Cleaning an object after vacuum freeze drying method

 The four Iraq experts who arrived on 19 September, 2007 received several basic lectures on conservation science and practical training on conservation of wooden objects at the National Research Institute for Cultural Properties, Tokyo. They stayed in Tokyo from the end of September to the end of October and joined the practical training of conservation for waterlogged wooden objects from 29 October to 9 November at Shizuoka Research Institute for Buried Cultural Heritage.
 At Shizuoka, the Iraqi experts experienced lifting fragile wooden objects during archaeological excavations at Sumpu site. They also studied conservation methods such as stabilization using PEG and vacuum freeze-dry method, cleaning, adhesion, and filling at the Shimizu Office of the Shizuoka Research Institute for Buried Cultural Heritage.
 They will receive practical training on using various conservation equipments at the Institute in Nara. At the end of this training program, they will conduct a presentation of their works on 10 December, 2007 in Tokyo.
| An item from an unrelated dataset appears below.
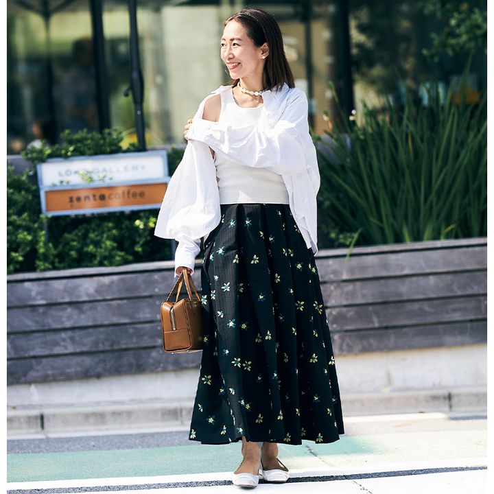 ライター・島田有香さん(5歳男の子・3歳女の子ママ) 甘派の自分には着こなしが難しくシャツへの苦手意識がありましたが、同系色で合わせればアンバランスにならずキレイ見えを実感。形が美しく大きすぎないサイズ感が、主張の強い柄スカートとも喧嘩せず、むしろオシャレを更新。家を出る時「とりあえずシャツを持ってればなんとかなる!」から、この秋フル活用の予定。

The third mission of Japan-Indonesia Cooperation Safeguarding Project of Prambanan World Heritage Site, a part of the“Networking Core Centers for International Cooperation on Conservation of Cultural Heritage” of the Agency for Cultural Affairs

Investigation in the upper part of Garuda Temple where dismantling has started
Members of the National Institute for Cultural Properties, Tokyo, and the Archaeological Heritage Preservation Office Yogyakarta

 The Japan Center for International Cooperation in Conservation cooperates in the project to support the rehabilitation of the Prambanan Temple Compounds, a World Heritage Site, that was damaged in the earthquake which struck central Java on May 27, 2006. With the completion of the construction of the scaffolding for Garuda Temple, undertaken by Grant Assistance for Cultural Grassroots Projects fund of Japan, the third mission was dispatched from October 22 to November 4, 2007. In this mission investigation centered on Garuda Temple, whose partial dismantlement has begun. In addition to checking the condition of damage of the upper part of the temple and the inner structure, documents related to past restorations were collected and studied, and interviews were held. Hangsa Temple, which is similar in structure to Garuda Temple, was chosen and monitoring by seismometer was started to elucidate the dynamic characteristics of the structure. These investigations were undertaken with the cooperation of the Archaeological Heritage Preservation Office Yogyakarta and Gadjah Mada University.
 Now geometrically modified images of each of the sides of the temple are used to indicate the condition of damage of each stone, the method of restoration and areas of dismantlement in order to prepare a detailed plan for restoration that is within a standard which will make the estimation of the cost possible. Methods for structural reinforcement based on the results of analysis of the structural characteristics of the temple will be examined and a plan for restoration will be made during this fiscal year.